▶ [Extracted records]:
---+---

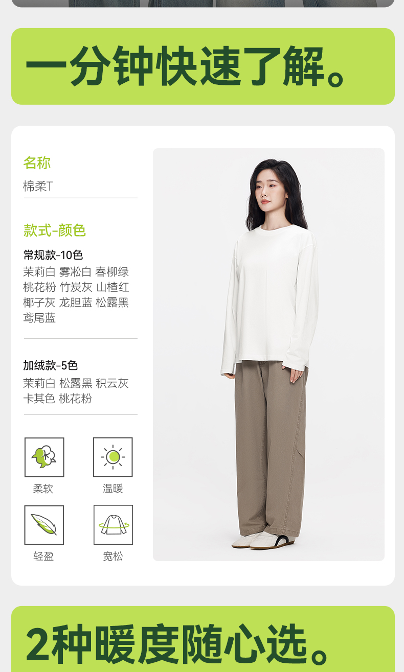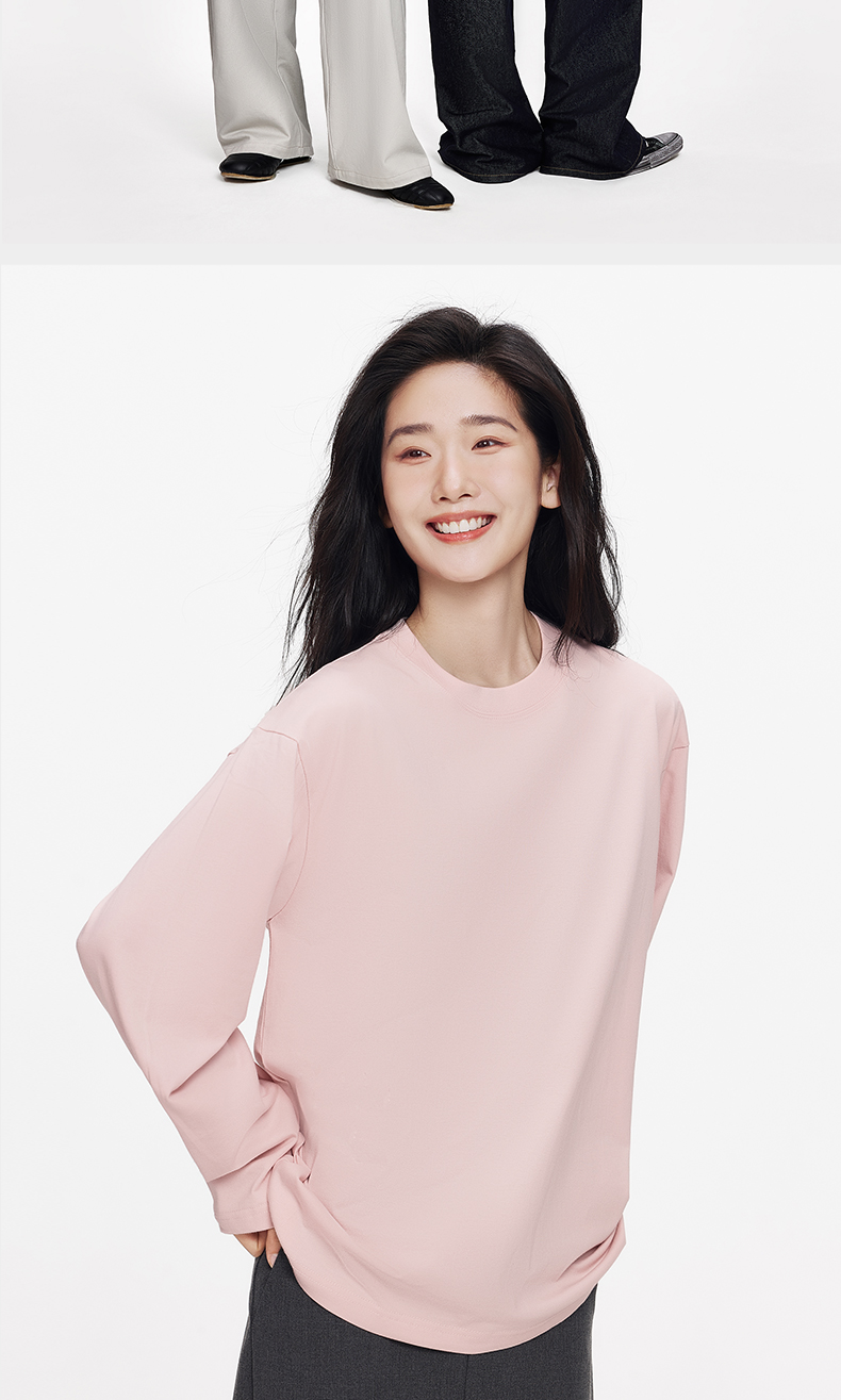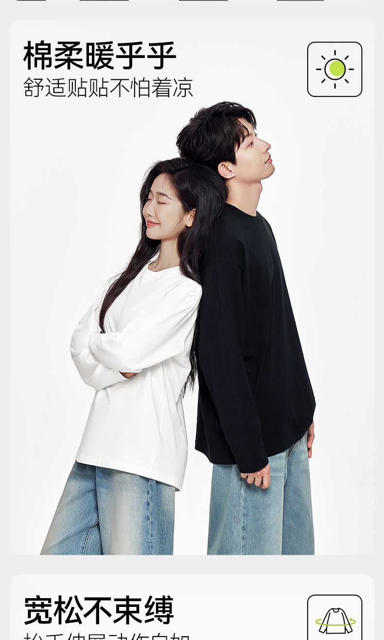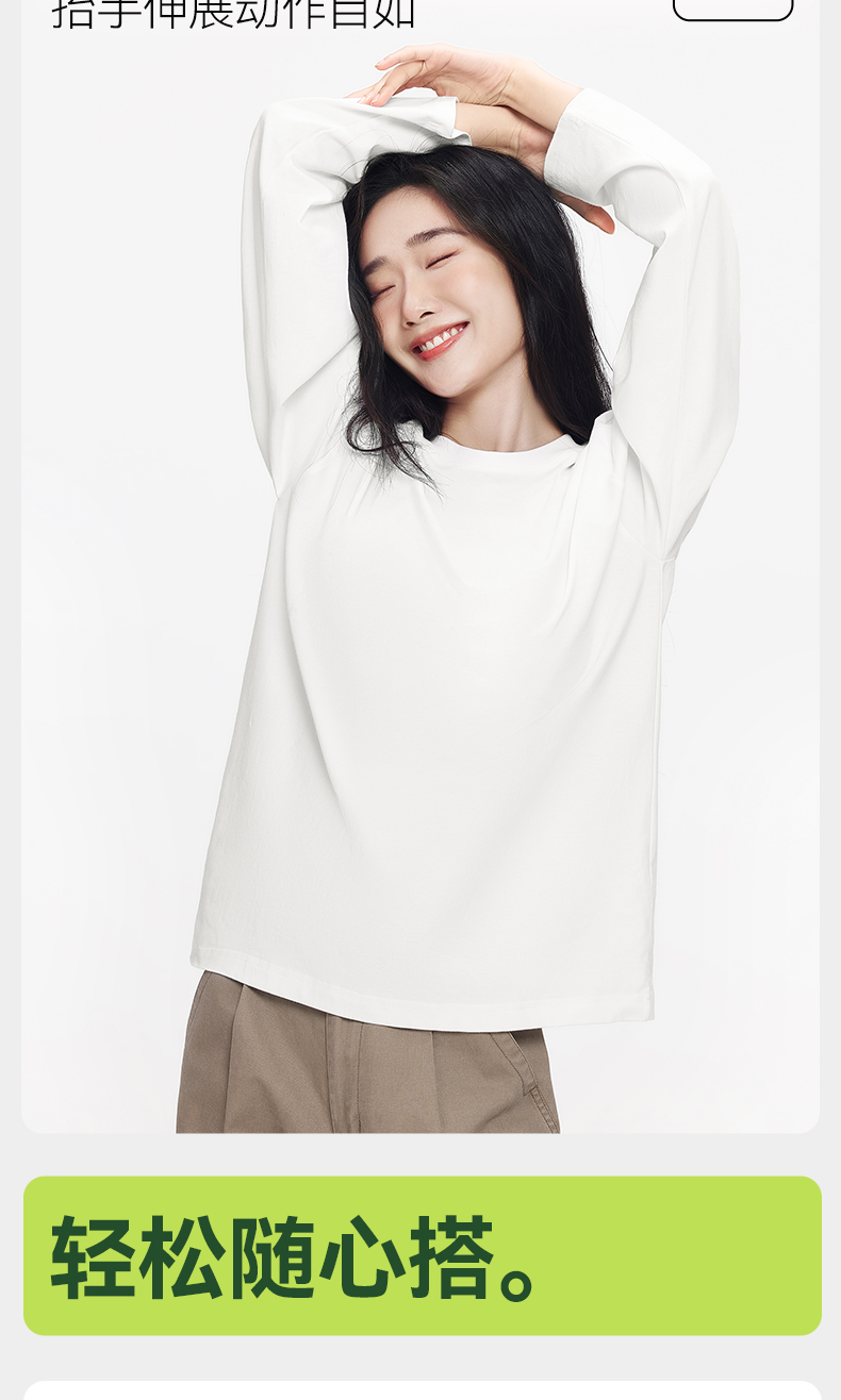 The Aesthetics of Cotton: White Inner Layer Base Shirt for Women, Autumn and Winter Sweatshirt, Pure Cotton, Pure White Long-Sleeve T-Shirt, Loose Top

---+---

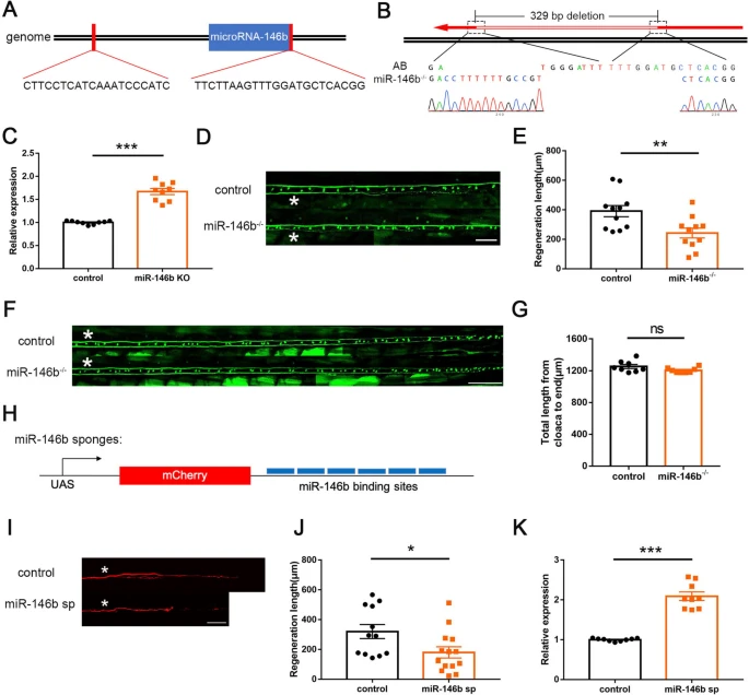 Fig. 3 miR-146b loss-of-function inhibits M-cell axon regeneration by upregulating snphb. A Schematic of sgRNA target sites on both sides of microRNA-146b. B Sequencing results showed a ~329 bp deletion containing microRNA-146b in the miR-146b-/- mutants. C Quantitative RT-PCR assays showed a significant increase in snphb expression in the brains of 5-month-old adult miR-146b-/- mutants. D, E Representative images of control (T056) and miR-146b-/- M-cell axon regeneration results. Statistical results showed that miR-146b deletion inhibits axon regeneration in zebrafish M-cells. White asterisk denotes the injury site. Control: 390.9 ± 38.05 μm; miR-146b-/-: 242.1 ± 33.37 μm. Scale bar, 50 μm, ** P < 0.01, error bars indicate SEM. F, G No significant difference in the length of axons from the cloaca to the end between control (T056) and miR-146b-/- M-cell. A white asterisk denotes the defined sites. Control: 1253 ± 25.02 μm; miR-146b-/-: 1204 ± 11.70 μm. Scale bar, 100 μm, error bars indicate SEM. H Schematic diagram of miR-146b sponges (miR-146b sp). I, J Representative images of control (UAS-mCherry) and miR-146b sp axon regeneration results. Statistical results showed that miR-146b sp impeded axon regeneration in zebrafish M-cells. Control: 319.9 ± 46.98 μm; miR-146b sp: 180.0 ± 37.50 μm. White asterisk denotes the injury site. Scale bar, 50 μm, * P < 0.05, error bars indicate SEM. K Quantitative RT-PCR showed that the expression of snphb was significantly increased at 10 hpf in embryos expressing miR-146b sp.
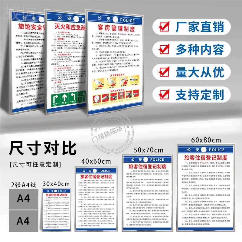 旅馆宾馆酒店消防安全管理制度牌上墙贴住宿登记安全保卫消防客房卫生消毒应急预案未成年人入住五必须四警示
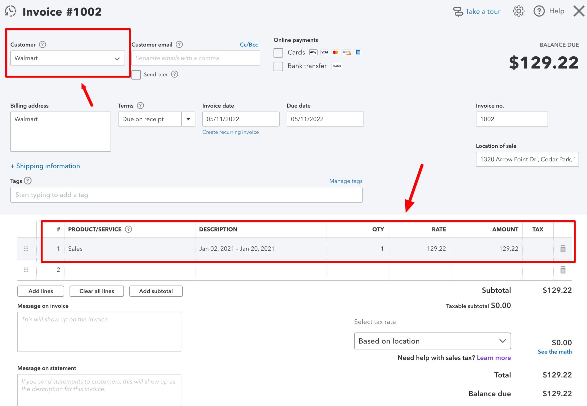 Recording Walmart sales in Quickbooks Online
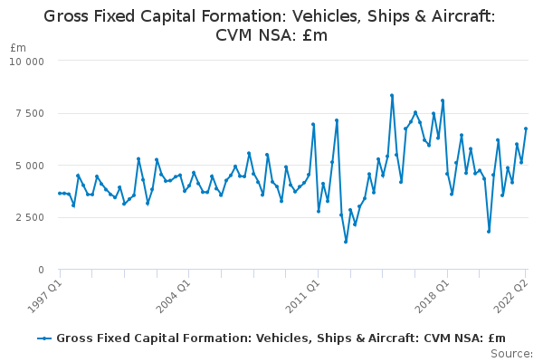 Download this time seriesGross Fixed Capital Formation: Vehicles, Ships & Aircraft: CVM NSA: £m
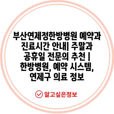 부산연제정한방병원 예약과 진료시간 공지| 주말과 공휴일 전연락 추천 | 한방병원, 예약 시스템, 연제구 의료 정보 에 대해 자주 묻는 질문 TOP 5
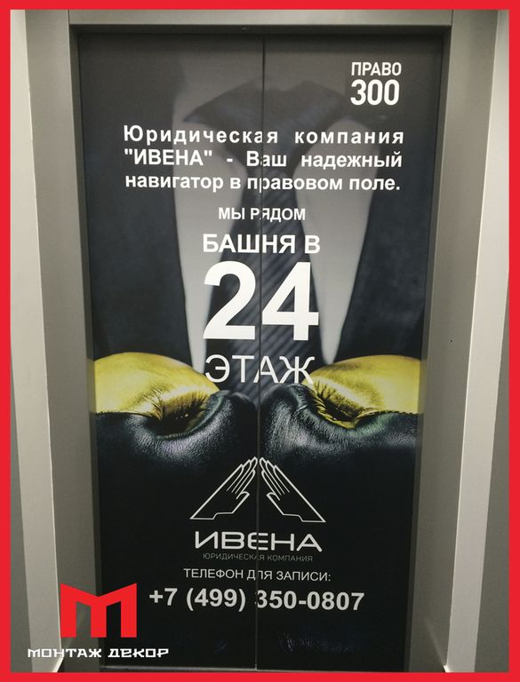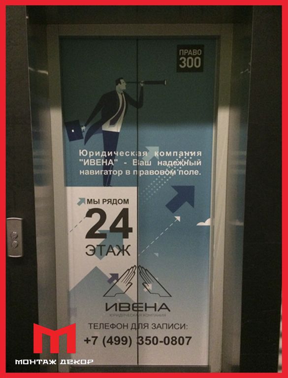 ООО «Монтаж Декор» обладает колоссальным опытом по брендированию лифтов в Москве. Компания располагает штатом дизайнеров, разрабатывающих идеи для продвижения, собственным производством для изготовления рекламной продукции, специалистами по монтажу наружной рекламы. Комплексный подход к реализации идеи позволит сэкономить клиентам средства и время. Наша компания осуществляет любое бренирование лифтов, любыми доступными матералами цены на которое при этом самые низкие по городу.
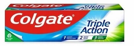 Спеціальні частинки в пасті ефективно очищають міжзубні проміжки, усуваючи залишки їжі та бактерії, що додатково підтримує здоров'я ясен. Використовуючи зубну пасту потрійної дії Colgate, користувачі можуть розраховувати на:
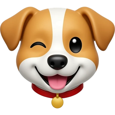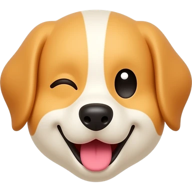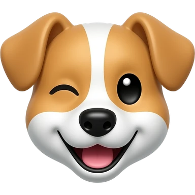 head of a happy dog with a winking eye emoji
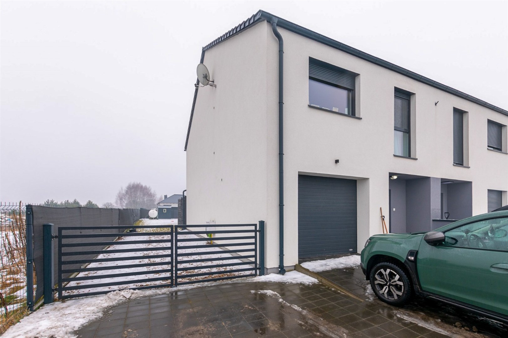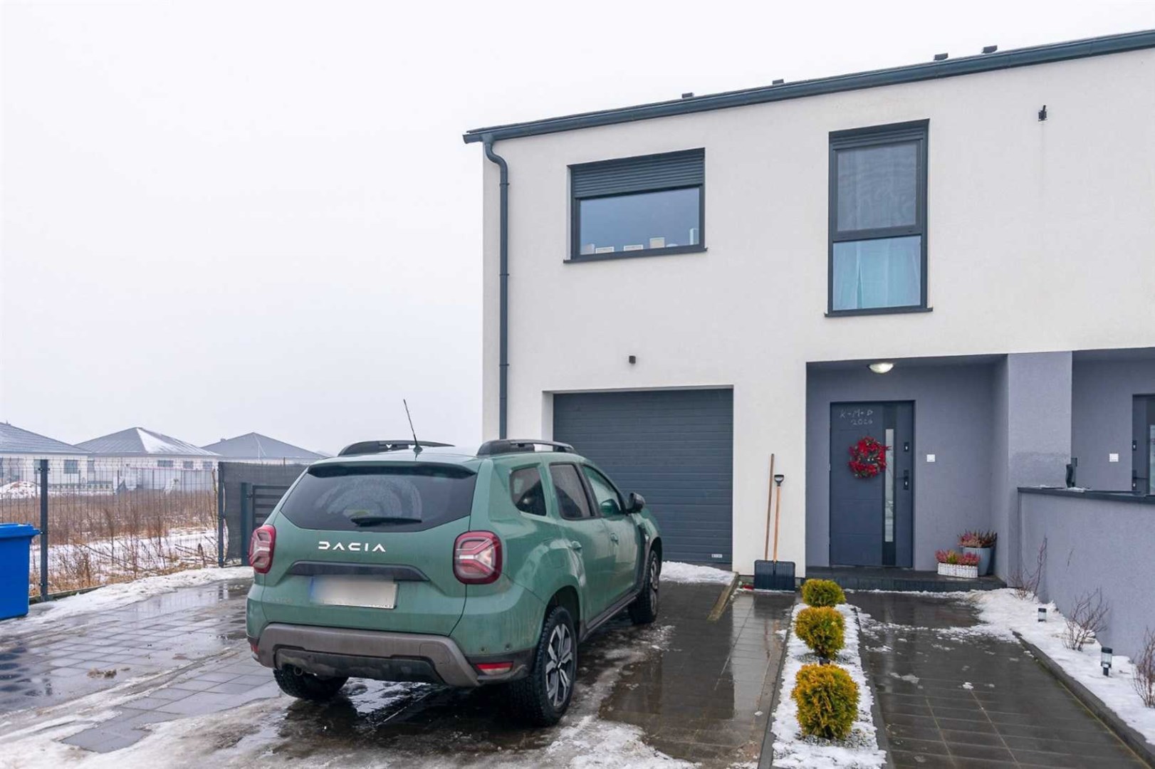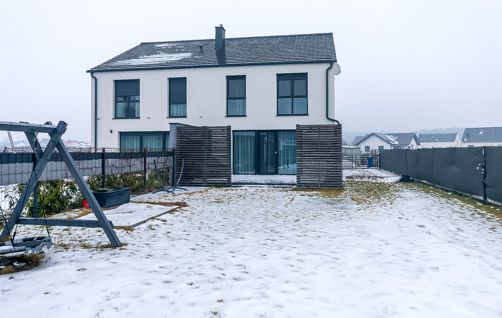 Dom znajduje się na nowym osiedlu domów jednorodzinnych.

---+---

▶ [What you are asked to do]: Look above for the line with "Download this time" and the line with "Dom znajduje się", then copy exactly the lines from the first through the second, both kept, with no pictures.

▶ [Reply to the task]:
 Download this time seriesGross Fixed Capital Formation: Vehicles, Ships & Aircraft: CVM NSA: £m
 부산연제정한방병원 예약과 진료시간 공지| 주말과 공휴일 전연락 추천 | 한방병원, 예약 시스템, 연제구 의료 정보 에 대해 자주 묻는 질문 TOP 5
 ООО «Монтаж Декор» обладает колоссальным опытом по брендированию лифтов в Москве. Компания располагает штатом дизайнеров, разрабатывающих идеи для продвижения, собственным производством для изготовления рекламной продукции, специалистами по монтажу наружной рекламы. Комплексный подход к реализации идеи позволит сэкономить клиентам средства и время. Наша компания осуществляет любое бренирование лифтов, любыми доступными матералами цены на которое при этом самые низкие по городу.
 Спеціальні частинки в пасті ефективно очищають міжзубні проміжки, усуваючи залишки їжі та бактерії, що додатково підтримує здоров'я ясен. Використовуючи зубну пасту потрійної дії Colgate, користувачі можуть розраховувати на:
 head of a happy dog with a winking eye emoji
 Dom znajduje się na nowym osiedlu domów jednorodzinnych.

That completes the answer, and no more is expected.